WHAT THE TASK ASKS.
Skipping all images, output the listing word for word.

SOURCE DATA.
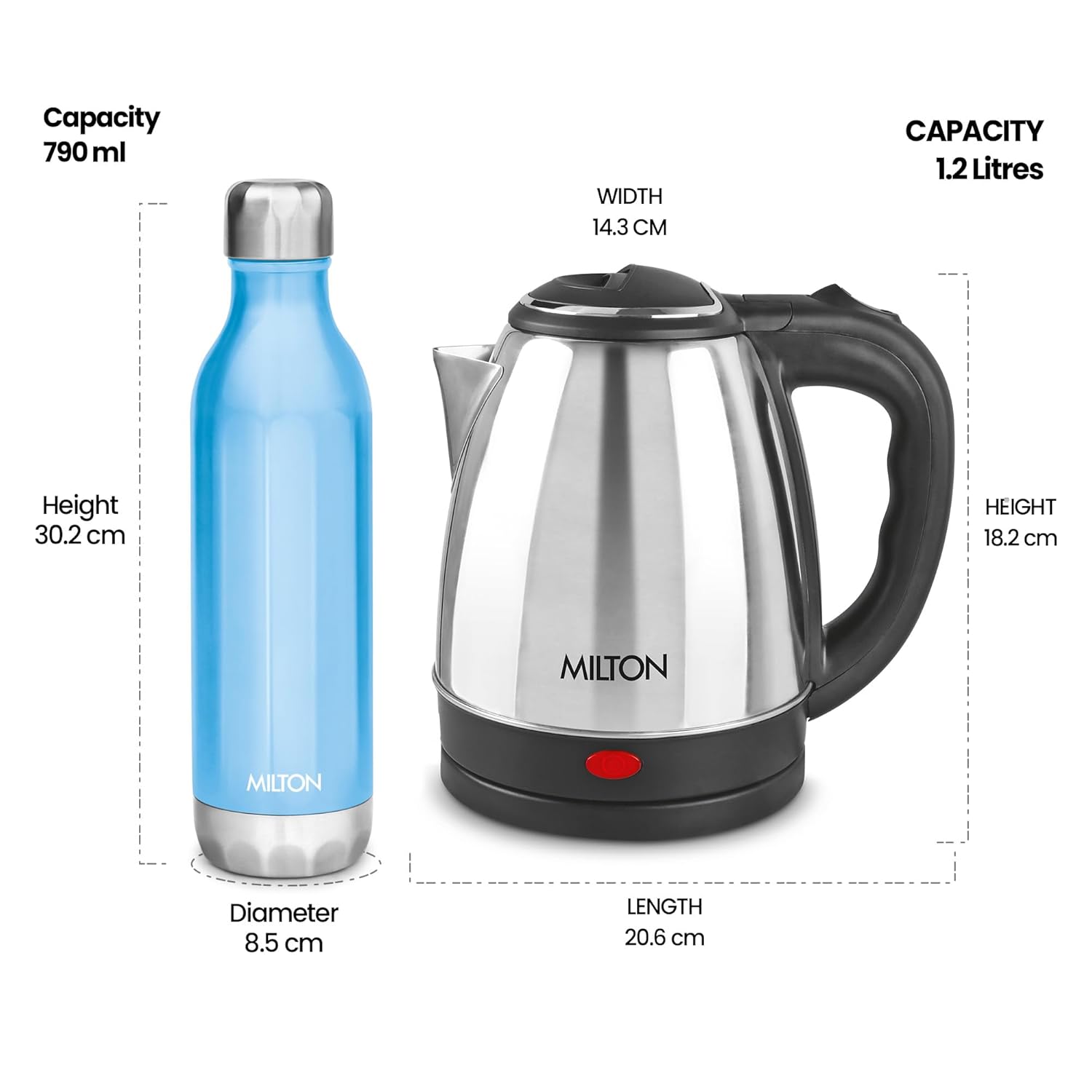 Color: Blue; Material: Stainless Steel; Package Content: 2 – Pieces Combo Set (Go Electro Kettle, 1.2 Litres & Bliss Bottle, Blue, 790 ml); Dimension in cms (L x W x H): Kettle: 20.6 x 14.3 x 18.2 & Bliss Bottle: 8 x 8 x 30
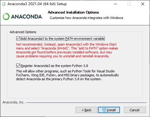 Anaconda自动添加环境变量,建议勾选,之后不用手动添加环境变量 - 第二个:将
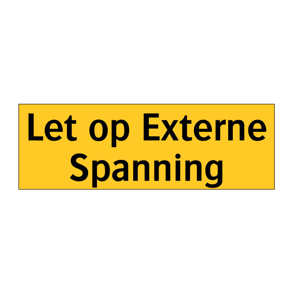 Waarschuwingsbord met de tekst Let op Externe Spanning

EXERCISE OUTPUT.
 Color: Blue; Material: Stainless Steel; Package Content: 2 – Pieces Combo Set (Go Electro Kettle, 1.2 Litres & Bliss Bottle, Blue, 790 ml); Dimension in cms (L x W x H): Kettle: 20.6 x 14.3 x 18.2 & Bliss Bottle: 8 x 8 x 30
 Anaconda自动添加环境变量,建议勾选,之后不用手动添加环境变量 - 第二个:将
 Waarschuwingsbord met de tekst Let op Externe Spanning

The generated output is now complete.